For many of us, the medicine cabinet is a sanctuary of health—a place where we find the relief we need for allergies, anxiety, or chronic pain. However, as a physician and journalist, I have spent years observing a challenging paradox in modern medicine: the very treatments we use to manage our daily quality of life can sometimes carry long-term costs that aren’t immediately apparent. One of the most concerning areas of research in recent years involves the link between certain common prescriptions and the increased risk of cognitive decline.

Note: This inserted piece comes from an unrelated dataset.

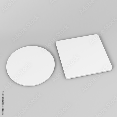 White Square and round circular coasters on isolated grey background, 3D Illustration

The conversation around dementia has shifted from viewing it as an inevitable part of aging to understanding it as a condition influenced by a complex interplay of genetics, lifestyle, and environmental factors. Among these, the “anticholinergic burden”—the cumulative effect of medications that block acetylcholine, a vital neurotransmitter for memory and learning—has emerged as a critical point of concern for public health experts. When we talk about medications that increase dementia risk, we are not suggesting that these drugs cause dementia in every patient, but rather that long-term or high-dose use may accelerate the progression of cognitive impairment or increase the likelihood of developing the disease.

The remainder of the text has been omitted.